■ Problem details ■
Reproduce the entries in full and exactly. Pictures stay out.
+++ Task material +++
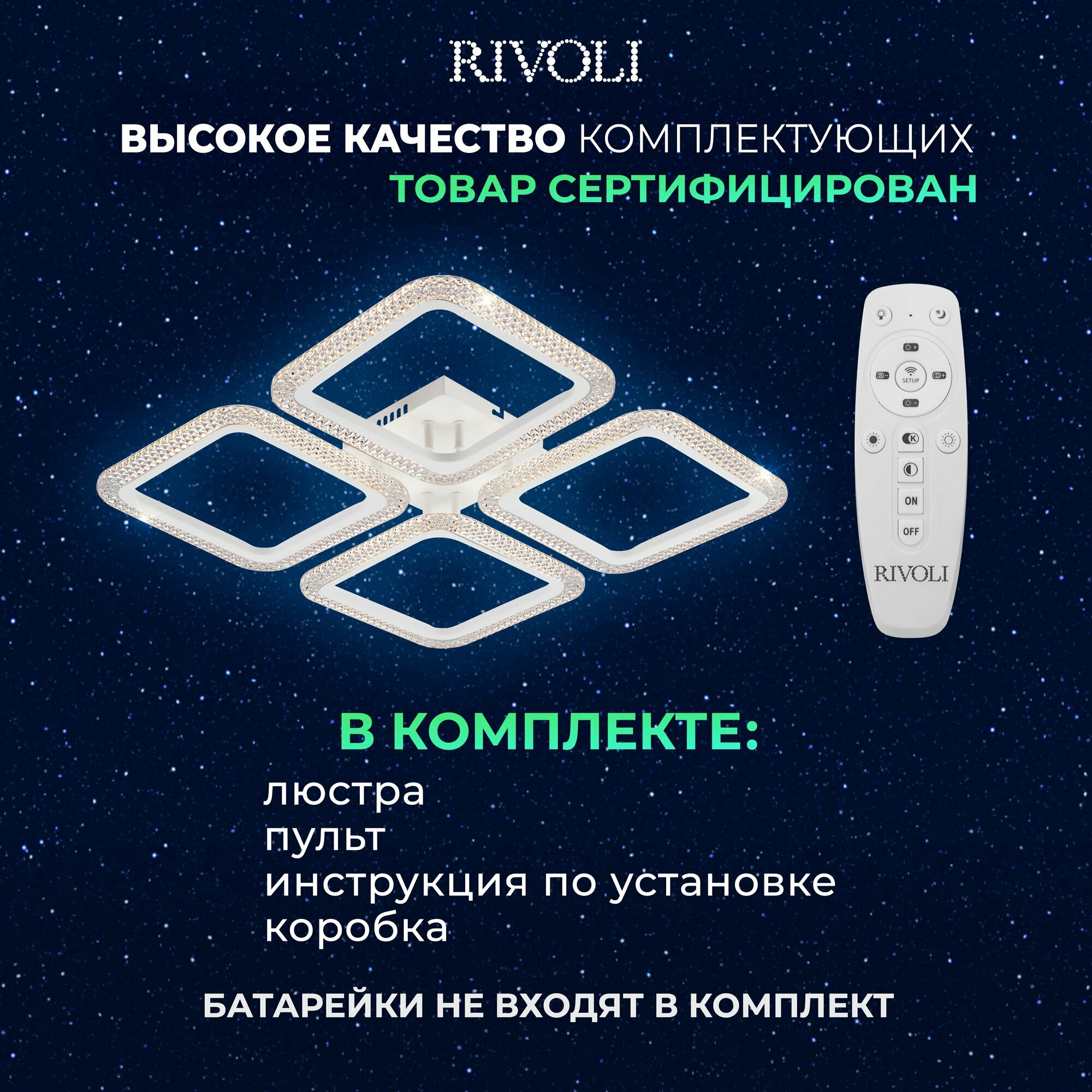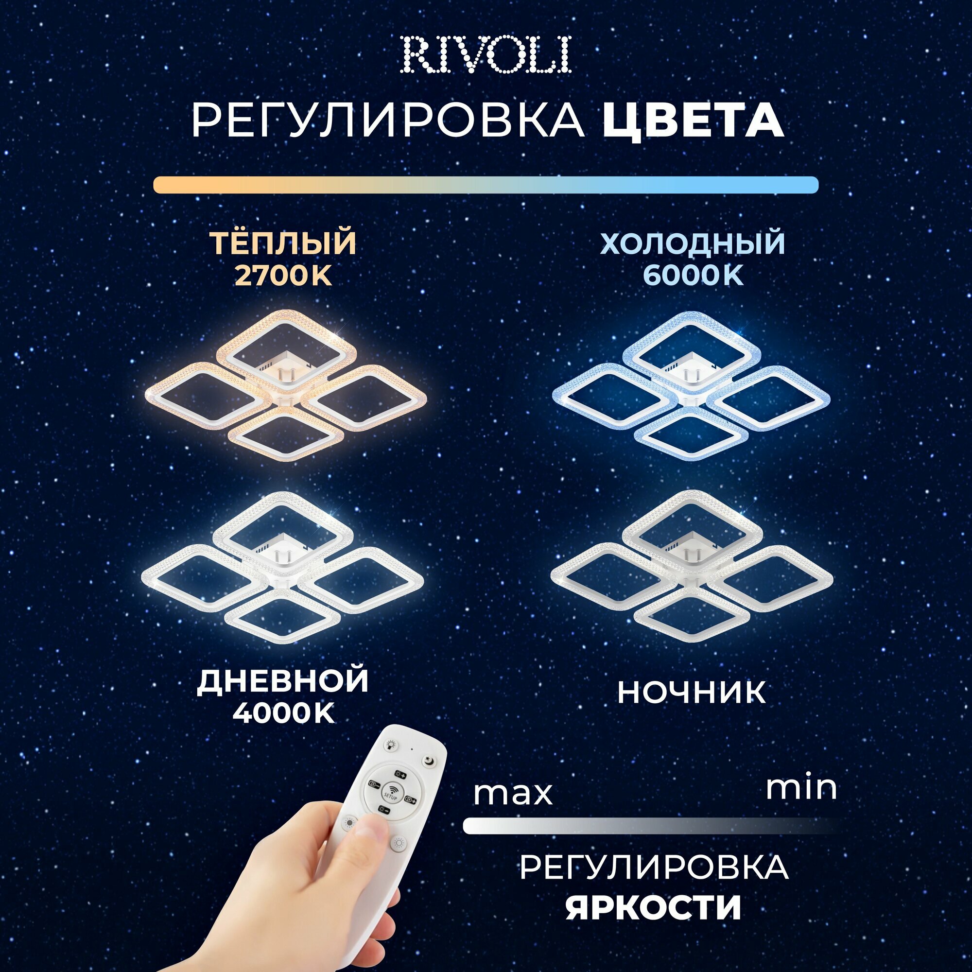 СохранитьСветильник потолочный светодиодный Rivoli Nikki 104 Вт 2700К - 6000К 26м2 с пультом ДУ белый интересное:
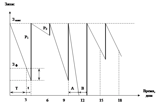 Условные обозначения: Т – интервал времени, через который повторяется заказ (в нашем случае – 3 дня) – для данной системы величина постоянная; t – время, необходимое на размещение и выполнение заказа (в приведенном примере – 1 день); Р1, Р2, …, Рi – величина отдельного, i-го заказа; З макс – предусмотренный нормой максимальный запас; З ф – фактический запас на момент проверки; З t – запас, расходуемый за время t, необходимое для размещения и выполнение заказа; А – период времени с интенсивным спросом; В – период времени с нулевым запасом. Интенсивность спроса, характеризуемая углом наклона участков линии, описывающей изменение запасов, в этой модели является величиной переменной (угол наклона различных участков ломаной - неодинаков). А поскольку заказ осуществляется через равные промежутки времени, то величина заказываемой партии в разных периодах также будет различна. Естественно, применять эту систему можно тогда, когда есть возможность заказывать партии, различные по величине (например, в случае применения контейнерной доставки заказываемого товара эта система не применима). Кроме того, систему не применяют, если доставка или размещение заказа обходится дорого. Например, если спрос за прошедший период был не значителен, то заказ также будет незначителен, что допустимо лишь при условии не существенности расходов, связанных с выполнением заказа. Особенностью описываемой системы является также и то, что она допускает возникновение дефицита. Как видно из графика, если спрос резко усилится (то есть график круто уйдет вниз - участок А), то запас закончится до наступления срока подачи заказа. Это означает, что система применима, когда возможные потери от дефицита для предприятия также несущественны. Подводя итог, отметим, что система контроля с фиксированной периодичность заказа применяется в следующих случаях: - условия поставки позволяют получать заказы различными по величине партиями; - расходы по размещению заказа и доставке сравнительно невелики; - потери от возможного дефицита сравнительно невелики. На практике по данной системе можно заказывать один из многих товаров, закупаемых у одного и того же поставщика, товары, на которые уровень спроса относительно постоянен, малоценные товары и т.д. В системе контроля за состоянием запасов с фиксированным размером заказа размер заказа на пополнение запаса является величиной постоянной. Интервалы времени, через которые производится размещение заказа, в этом случае могут быть разными (см. рис 5).
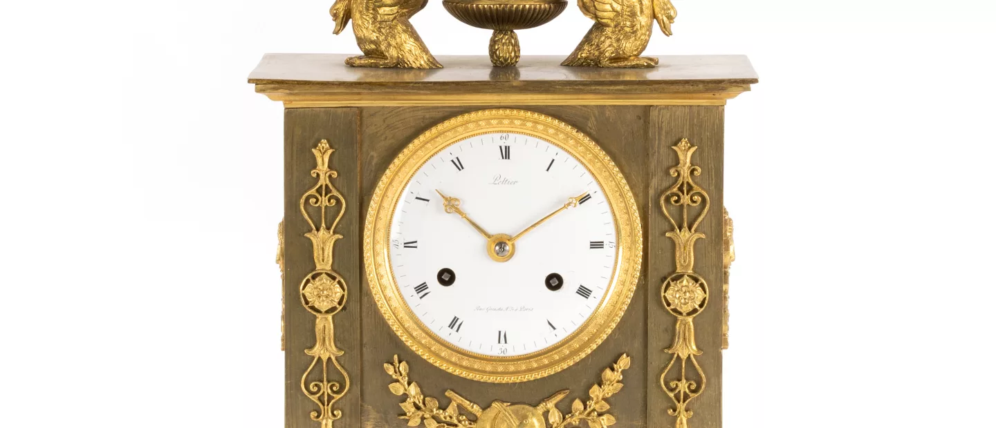 Peltier, Frankreich, um 1880-1890, rechteckiges Gehäuse auf gedrückten Kugelfüßen, Bronze, gegossen, feuervergoldet, Palmettenfries,...
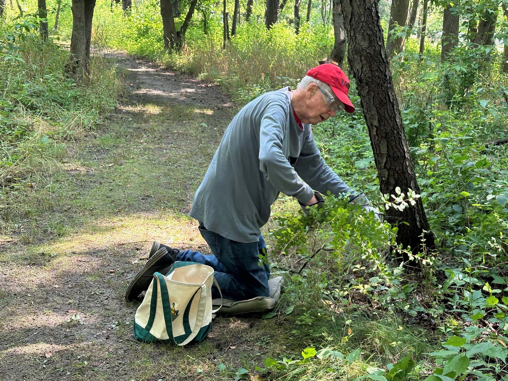 Regular maintenance along the trails includes the control of poison ivy, the trimming of multiflora rose bushes, weedwhacking underfoot grass, and lopping off intrusive branches. Sometimes there is a trail or bridge maintenance activity that requires the combined effort of several members of the group. When needed maintenance is beyond what volunteer residents can handle, it is reported to the maintenance department — for example for the removal of heavy limbs or trees or for the repair of a bridge.
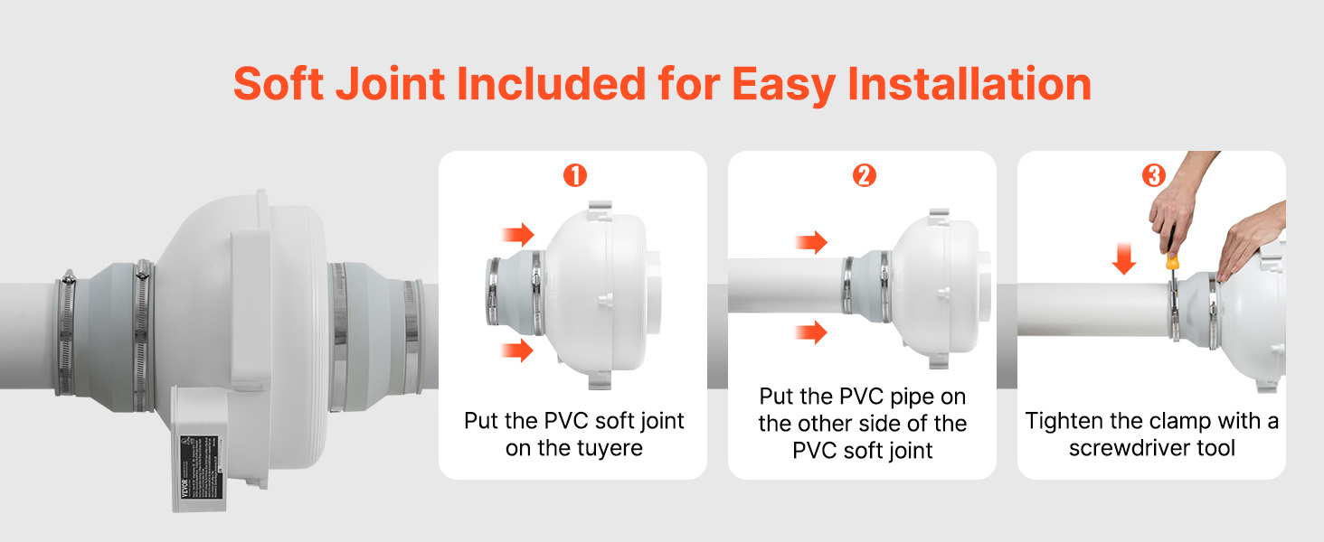 Je vybavený dvoma spojkami, vďaka ktorým sa ľahko pripája k PVC rúram bez potreby profesionálneho náradia, takže jeho inštalácia je hračka.
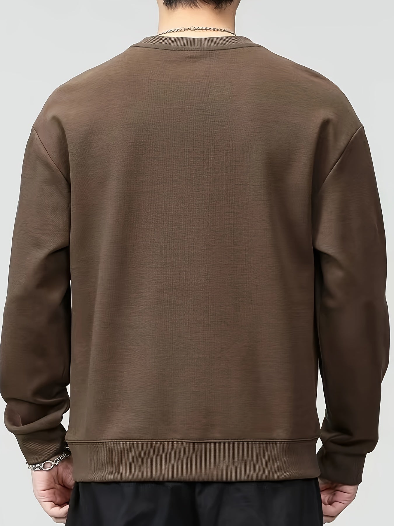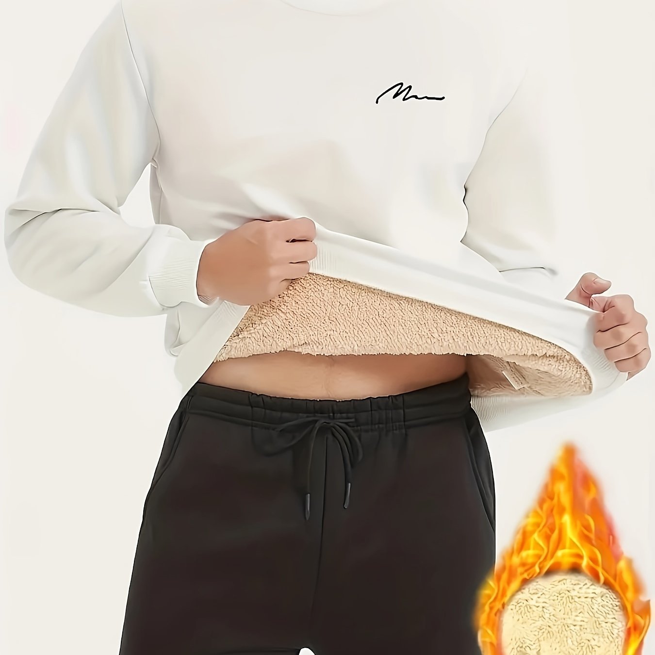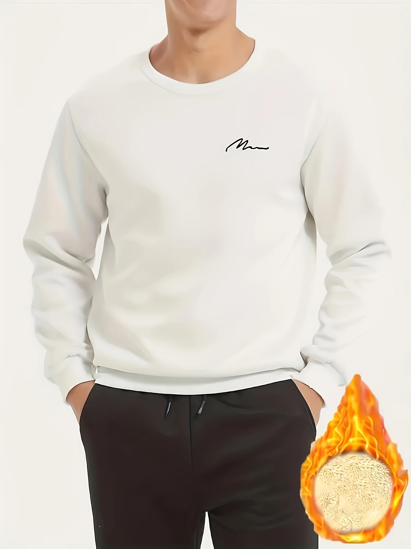 Men's Script Letter Print Fleece Sweatshirt, Warm And Thick Crew Neck And Long Sleeve Top For Winter And Fall
+++
■ Finished exercise ■
 СохранитьСветильник потолочный светодиодный Rivoli Nikki 104 Вт 2700К - 6000К 26м2 с пультом ДУ белый интересное:
 Условные обозначения: Т – интервал времени, через который повторяется заказ (в нашем случае – 3 дня) – для данной системы величина постоянная; t – время, необходимое на размещение и выполнение заказа (в приведенном примере – 1 день); Р1, Р2, …, Рi – величина отдельного, i-го заказа; З макс – предусмотренный нормой максимальный запас; З ф – фактический запас на момент проверки; З t – запас, расходуемый за время t, необходимое для размещения и выполнение заказа; А – период времени с интенсивным спросом; В – период времени с нулевым запасом. Интенсивность спроса, характеризуемая углом наклона участков линии, описывающей изменение запасов, в этой модели является величиной переменной (угол наклона различных участков ломаной - неодинаков). А поскольку заказ осуществляется через равные промежутки времени, то величина заказываемой партии в разных периодах также будет различна. Естественно, применять эту систему можно тогда, когда есть возможность заказывать партии, различные по величине (например, в случае применения контейнерной доставки заказываемого товара эта система не применима). Кроме того, систему не применяют, если доставка или размещение заказа обходится дорого. Например, если спрос за прошедший период был не значителен, то заказ также будет незначителен, что допустимо лишь при условии не существенности расходов, связанных с выполнением заказа. Особенностью описываемой системы является также и то, что она допускает возникновение дефицита. Как видно из графика, если спрос резко усилится (то есть график круто уйдет вниз - участок А), то запас закончится до наступления срока подачи заказа. Это означает, что система применима, когда возможные потери от дефицита для предприятия также несущественны. Подводя итог, отметим, что система контроля с фиксированной периодичность заказа применяется в следующих случаях: - условия поставки позволяют получать заказы различными по величине партиями; - расходы по размещению заказа и доставке сравнительно невелики; - потери от возможного дефицита сравнительно невелики. На практике по данной системе можно заказывать один из многих товаров, закупаемых у одного и того же поставщика, товары, на которые уровень спроса относительно постоянен, малоценные товары и т.д. В системе контроля за состоянием запасов с фиксированным размером заказа размер заказа на пополнение запаса является величиной постоянной. Интервалы времени, через которые производится размещение заказа, в этом случае могут быть разными (см. рис 5).
 Peltier, Frankreich, um 1880-1890, rechteckiges Gehäuse auf gedrückten Kugelfüßen, Bronze, gegossen, feuervergoldet, Palmettenfries,...
 Regular maintenance along the trails includes the control of poison ivy, the trimming of multiflora rose bushes, weedwhacking underfoot grass, and lopping off intrusive branches. Sometimes there is a trail or bridge maintenance activity that requires the combined effort of several members of the group. When needed maintenance is beyond what volunteer residents can handle, it is reported to the maintenance department — for example for the removal of heavy limbs or trees or for the repair of a bridge.
 Je vybavený dvoma spojkami, vďaka ktorým sa ľahko pripája k PVC rúram bez potreby profesionálneho náradia, takže jeho inštalácia je hračka.
 Men's Script Letter Print Fleece Sweatshirt, Warm And Thick Crew Neck And Long Sleeve Top For Winter And Fall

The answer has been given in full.